MFA’s ability to deal with that much uncertainty in the process deadtime makes it particularly robust. A conventional controller will become impatient if the process exhibits a deadtime that is longer than what the controller was designed to handle. Its control efforts will appear to have no effect until after the real deadtime has elapsed. By that time the controller will have applied additional control efforts in a futile attempt to force the process variable to change sooner than it possibly can. All those extra efforts will eventually move the process variable, but by then it may be too late. The process variable may start to swing wildly as the controller keeps trying to correct previous mistakes by making more and more.

The Anti-delay MFA uses a special delay predictor to avoid this problem. The predictor produces an artificial error signal before the deadtime has elapsed. This allows the controller to “feel” the effects of its control efforts almost immediately and thus avoid second guessing itself. Unlike a traditional Smith Predictor, however, the Anti-delay MFA’s predictor does not require a precise model of the process, only the user’s rough estimates of the process deadtime and time constant. If those estimates don’t match the actual process parameters, the MFA adaptive algorithm will take up the slack.


If MFA has an Achilles heel, it would have to be its complexity. Traditionalists familiar with linear control theory like to know in advance what a controller is going to do with a given set of inputs. That’s not possible with the convoluted calculations performed by a neural network. Not even Dr. Cheng himself knows exactly what goes on inside the network during each step of the calculation. Only the final result is at all predictable.

At the other extreme, users with no process control experience at all will be disappointed if they expect MFA to function completely without operator intervention. It is not a true black box controller because it does require some information from the user. Some of the required operator inputs, such as which sensor to poll for process variable measurements and which actuator to use for applying the control effort, that would have to be supplied to any controller. But there are other inputs, such as the time constant estimate, that a completely adaptive controller would be able to figure out on its own. Nonetheless, MFA has been successfully applied to a wide variety of process control problems. It may be unconventional and complex, but it’s worth a try when traditional control schemes fail.

-- Dr. Vance VanDoren

CyboSoft, 2868 Prospect Park Drive, Suite 300, Rancho Cordova, Calif. 95670 USA; e-mail GCGroup@cybosoft.com; tel +1 916 631 6313; fax +1 916 631 6312; www.cybosoft.com


MFA corrects a “PID problematic” loop

Air Liquide America, a specialty gases manufacturer headquartered in Houston, needed to optimise production of air separation units operating around the world.
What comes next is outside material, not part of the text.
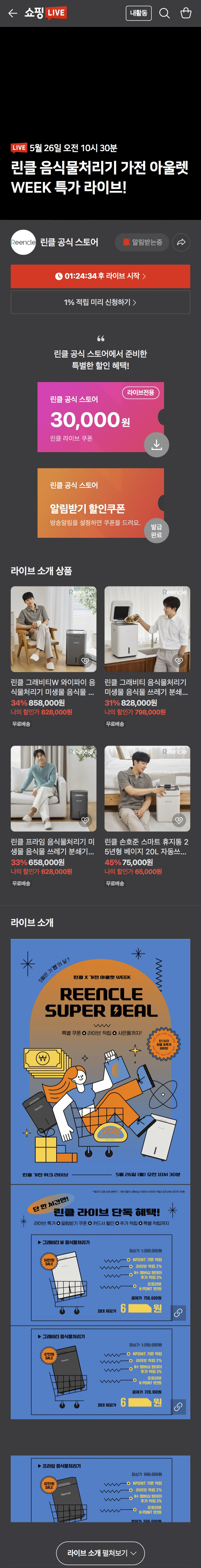 [네이버] 린클 음식물처리기 라방 특가(566,600원~/무배) > 국내핫딜

The company originally installed a model-based predictive control system which led to considerable improvements in plant stability and product yields/production.

However, plant engineers were still having problems maximising argon production due to poor regulatory control in the main column. According to Dave Seiver, Air Liquide's advanced control engineer, and Brian Keene (Air Liquide's plant manager in McMinnville, Oregon), ineffective regulatory control in the air separation columns had been causing oscillations throughout the process. Attempts to re-tune the PID loops that had been valiantly attempting to control the process had failed.

Enter CyboCon. In less than one day Mr. Seiver's team was able to convert the “PID problematic” loop to MFA control and dramatically reduce the process variations. That in turn allowed an immediate increase in argon production to record-setting rates, increased plant stability, and plant operations buy-in to the technology.